# What you are asked to do
Word for word, restate the lines from the one containing "This beautiful wedding" through the last line of the material, and include no pictures.

# Available data
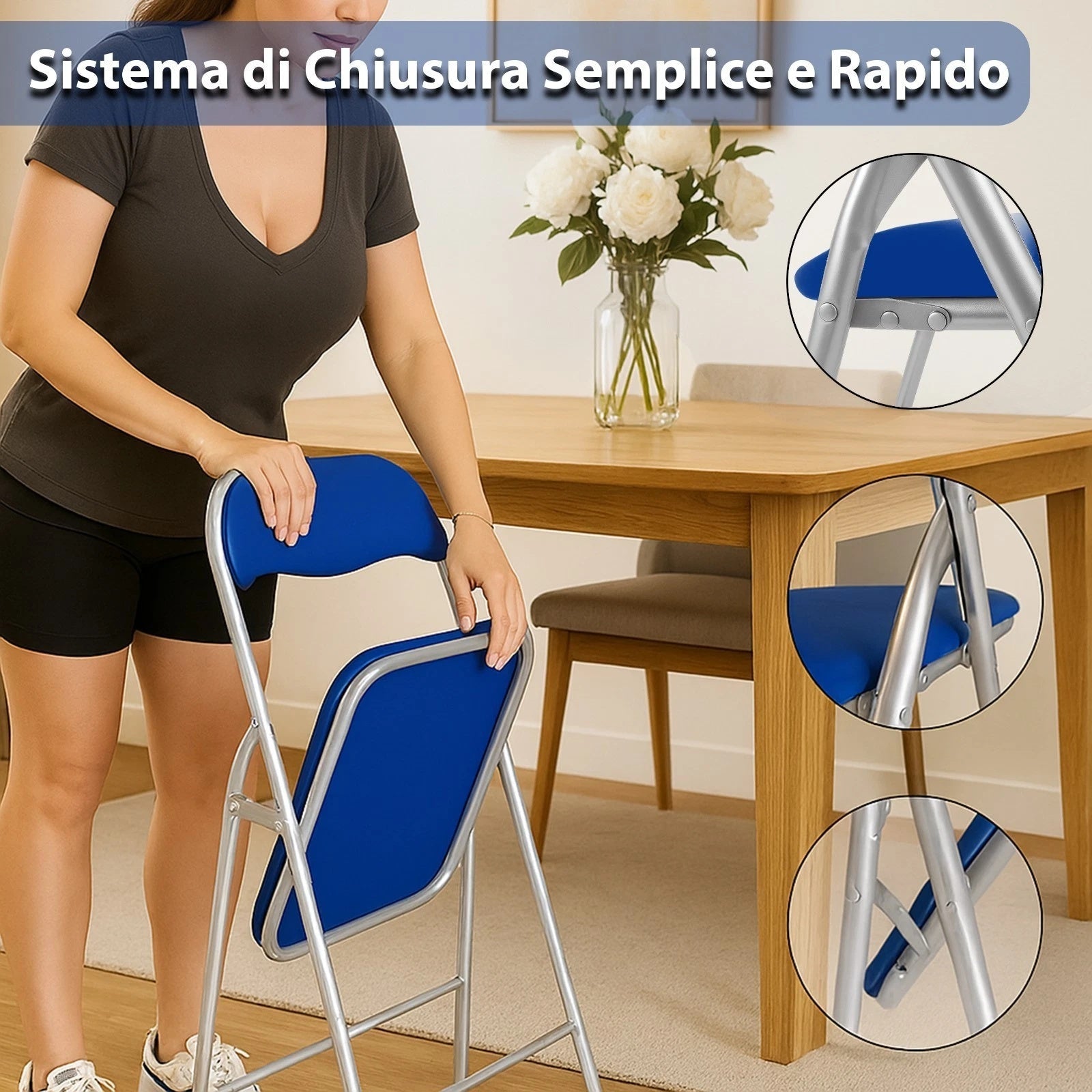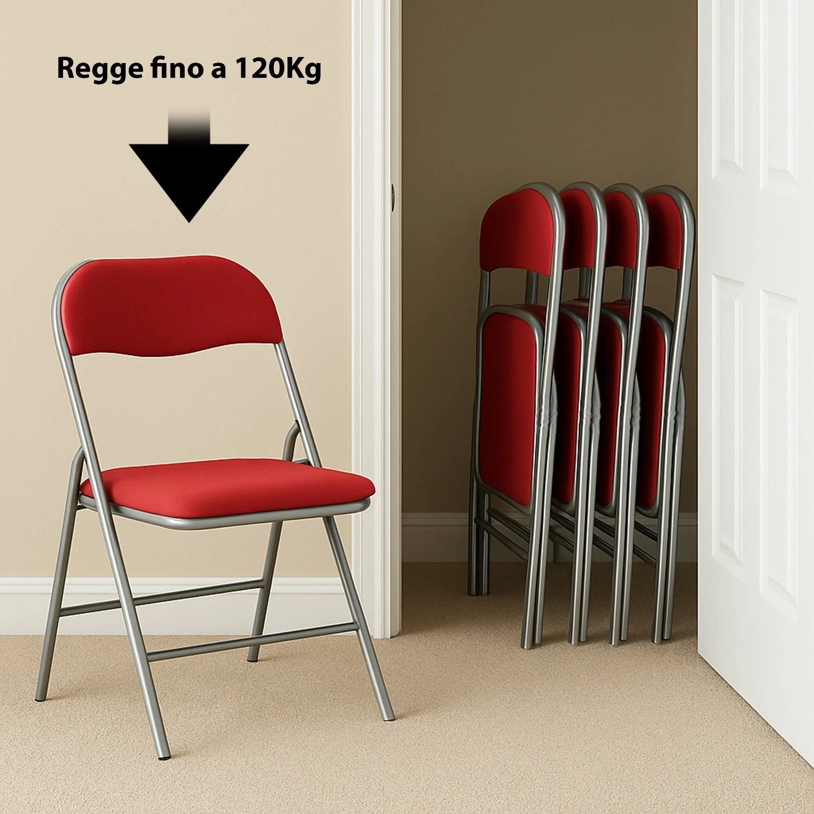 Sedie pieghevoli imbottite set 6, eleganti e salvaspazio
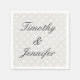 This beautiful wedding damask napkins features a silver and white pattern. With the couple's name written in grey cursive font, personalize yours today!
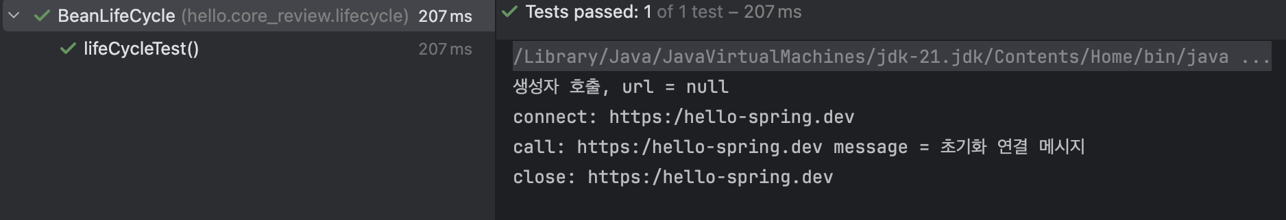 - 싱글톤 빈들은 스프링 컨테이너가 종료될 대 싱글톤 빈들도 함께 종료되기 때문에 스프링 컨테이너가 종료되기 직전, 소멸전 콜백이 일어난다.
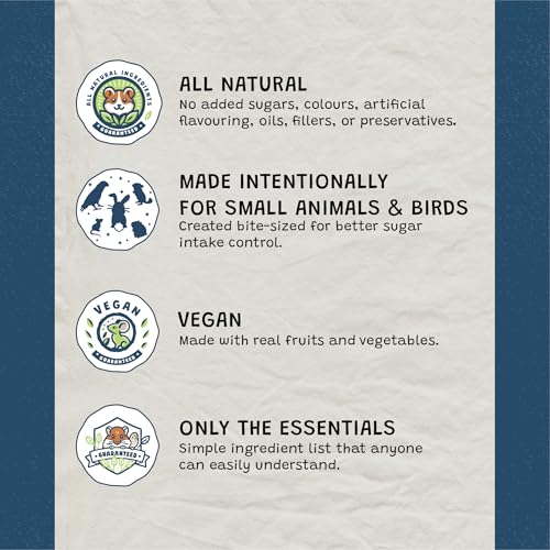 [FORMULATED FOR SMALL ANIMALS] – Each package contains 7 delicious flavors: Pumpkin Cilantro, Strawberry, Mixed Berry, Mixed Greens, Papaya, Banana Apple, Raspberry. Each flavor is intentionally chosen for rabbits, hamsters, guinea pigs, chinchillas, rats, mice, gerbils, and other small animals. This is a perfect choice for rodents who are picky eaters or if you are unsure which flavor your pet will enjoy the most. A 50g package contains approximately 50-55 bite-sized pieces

# Response area
 This beautiful wedding damask napkins features a silver and white pattern. With the couple's name written in grey cursive font, personalize yours today!
 - 싱글톤 빈들은 스프링 컨테이너가 종료될 대 싱글톤 빈들도 함께 종료되기 때문에 스프링 컨테이너가 종료되기 직전, 소멸전 콜백이 일어난다.
 [FORMULATED FOR SMALL ANIMALS] – Each package contains 7 delicious flavors: Pumpkin Cilantro, Strawberry, Mixed Berry, Mixed Greens, Papaya, Banana Apple, Raspberry. Each flavor is intentionally chosen for rabbits, hamsters, guinea pigs, chinchillas, rats, mice, gerbils, and other small animals. This is a perfect choice for rodents who are picky eaters or if you are unsure which flavor your pet will enjoy the most. A 50g package contains approximately 50-55 bite-sized pieces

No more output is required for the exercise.